West Texas Intermediate rose for a second day after an industry report showed crude inventories declined in the U.S., the world’s biggest oil consumer. Brent climbed on signs of worsening security in eastern Libya.
Futures advanced as much as 0.8 percent in New York. Crude stockpiles fell by 1.4 million barrels last week as supplies at Cushing, Oklahoma, the delivery point for WTI, slid 300,000 barrels, the American Petroleum Institute said yesterday. Government data today is forecast to show a 250,000 barrel drop nationwide, according to a Bloomberg News survey. Oil companies concerned over fighting in Libya’s eastern city of Benghazi are evacuating workers, state-run news agency Lana reported.
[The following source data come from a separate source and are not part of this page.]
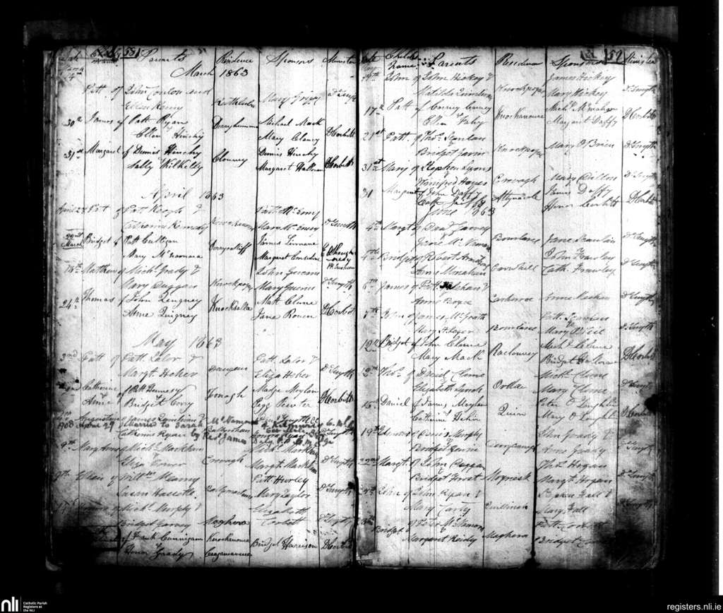 Quin; County of Clare; Diocese of Killaloe. Baptisms, Mar. 1863 to June 1863
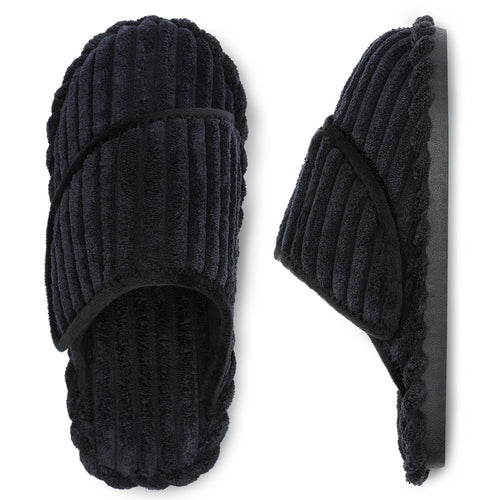 Leisfit Women Memory Foam House Slippers Corduroy Black
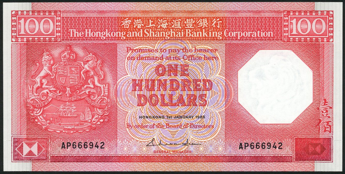 Hong Kong and Shanghai Banking Corporation, $10, 1985, $50, 1985,$100,1985 (Pick 191a,193a,194a), uncirculated (3)
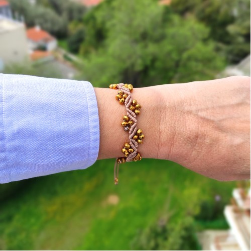 Βραχιόλι "Χρυσά Λουλούδια Μακραμέ"
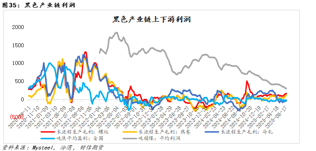 2月下旬至5月底,钢材价格弱势运行,主因在于节后下游需求释放偏弱、全球关税冲击与成本支撑偏弱。美国对华钢铝加征25%关税(3月生效),叠加越南、韩国等对我国板材反倾销,需求偏弱预期压制盘面,4月初中美互征34%“对等关税”,市场恐慌情绪蔓延,工业品集体承压。产业链利润方面,原料炼焦煤受供应宽松,黑链整体处于下游向上游要利润状态,成本支撑较弱。
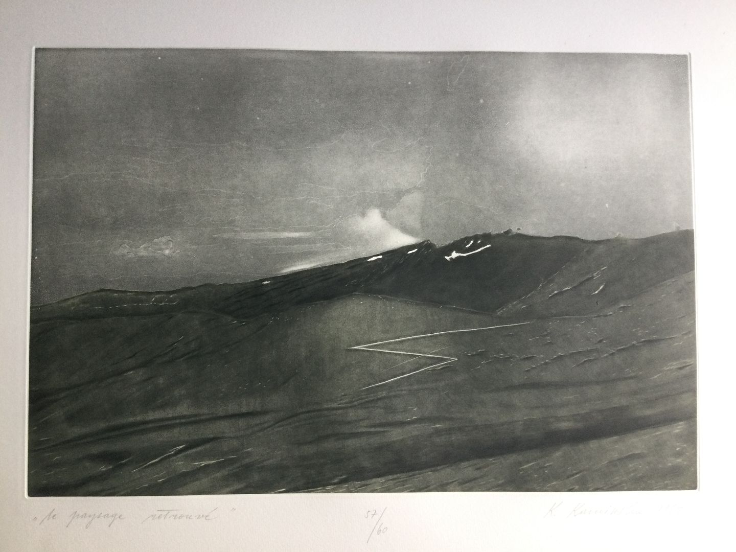 Litografi af Katarzyna Kaminska 1984 - landskab.
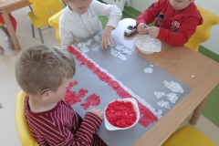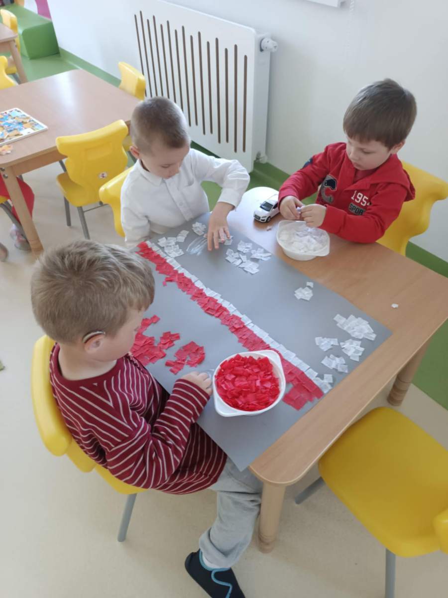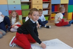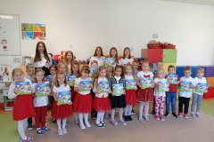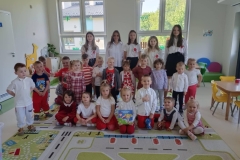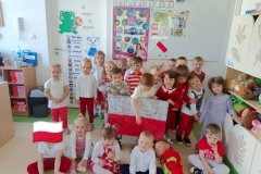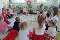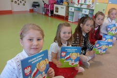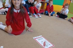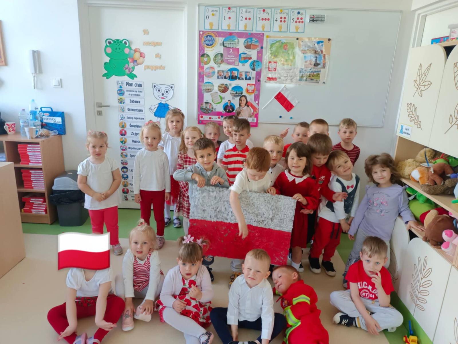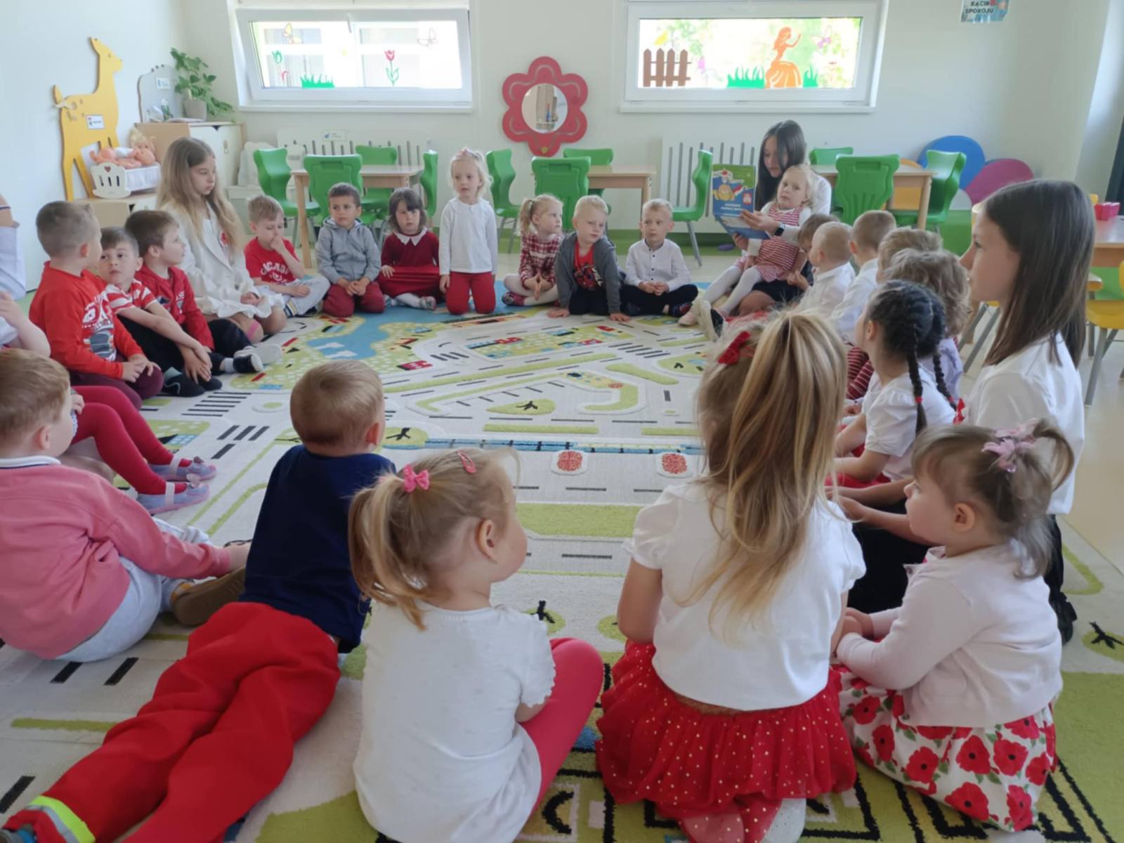 Z okazji Święta Konstytucji 3 Maja nasza szkoła zaangażowała się w projekt edukacyjny Biało – Czerwona dla przedszkolaka, którego celem jest utrwalenie wśród najmłodszych znajomości polskich symboli narodowych, realizowane podczas wspólnej zabawy ze starszymi kolegami ze szkół podstawowych. Z tej okazji przedszkolaków odwiedziły uczennice z klasy VI, które przedstawiły najmłodszym legendę o Lechu, Czechu i Rusie oraz zapoznały dzieci z polskimi symbolami narodowymi.
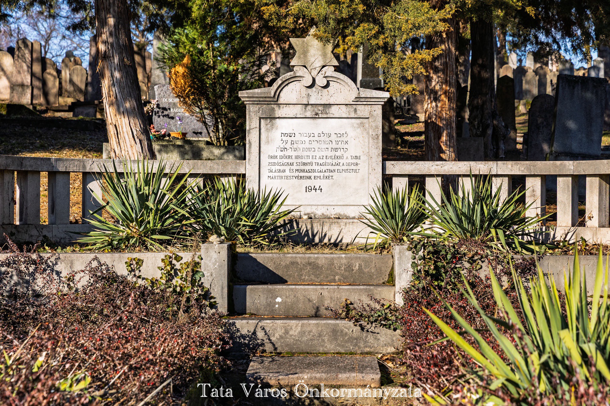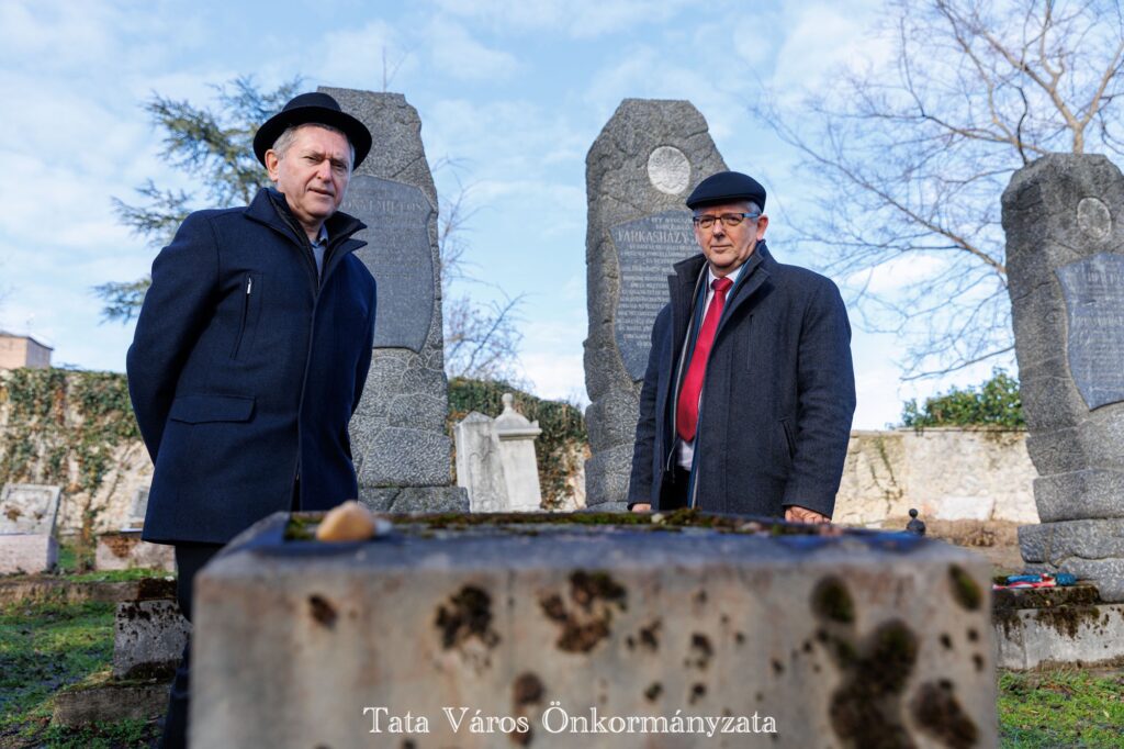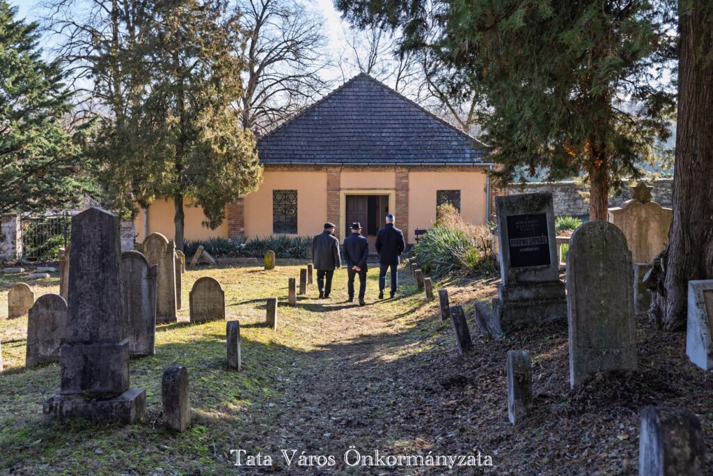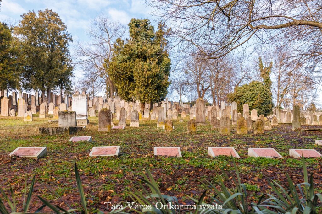 A tatai zsidó temető az egyik legrégibb, máig is működő hazai sírkert, amelyet a 18. század első felében alapítottak. A magyarországi zsidó temetők közül itt található a legtöbb, 18. században keletkezett síremlék, valamint az ország legrégebbi (1740), még eredeti helyén álló sírköve is. 2023-ban zárult le az a tudományos kutatás, melynek köszönhetően a Goldberger Alapítvány kezdeményezésére elkészült a temető valamennyi síremlékét leíró, az ott nyugvó személyek adatait feltáró kataszter és adattár. Egy könyv is született a temető sírfeliratainak kutatásáról a Kuny Domokos Múzeum kiadásában, „Lelked legyen bekötve az élet kötésébe – Megéledő sírfeliratok a tatai zsidó temetőben” címmel. Ahogyan arról a közelmúltban beszámoltunk, idén folytatódik a tatai zsidó temető megújítása, tavaly december 18-án szállították ugyanis el az ottani, Fischer Mózes Áronhoz és családtagjaihoz kötődő kerámia fejköveket, melyek restaurálást követően kerülnek majd vissza a helyükre, a tervek szerint idén tavasszal.

“WTI has been supported by persistent crude stockpile draws at Cushing at the end of the spring,” Andrey Kryuchenkov, an analyst at VTB Capital in London, said by e-mail.
WTI for July delivery climbed as much as 81 cents to $103.47 a barrel in electronic trading on the New York Mercantile Exchange and was at $103.28 at 1:26 p.m. London time. The contract rose 19 cents to $102.66 yesterday. The volume of all futures traded was about 8 percent below the 100-day average for the time of day. Prices are up 4.9 percent this year.
Brent for July settlement was 42 cents higher at $109.24 a barrel on the London-based ICE Futures Europe exchange. The European benchmark crude traded at a premium of $5.97 to WTI on ICE, compared with $6.16 yesterday.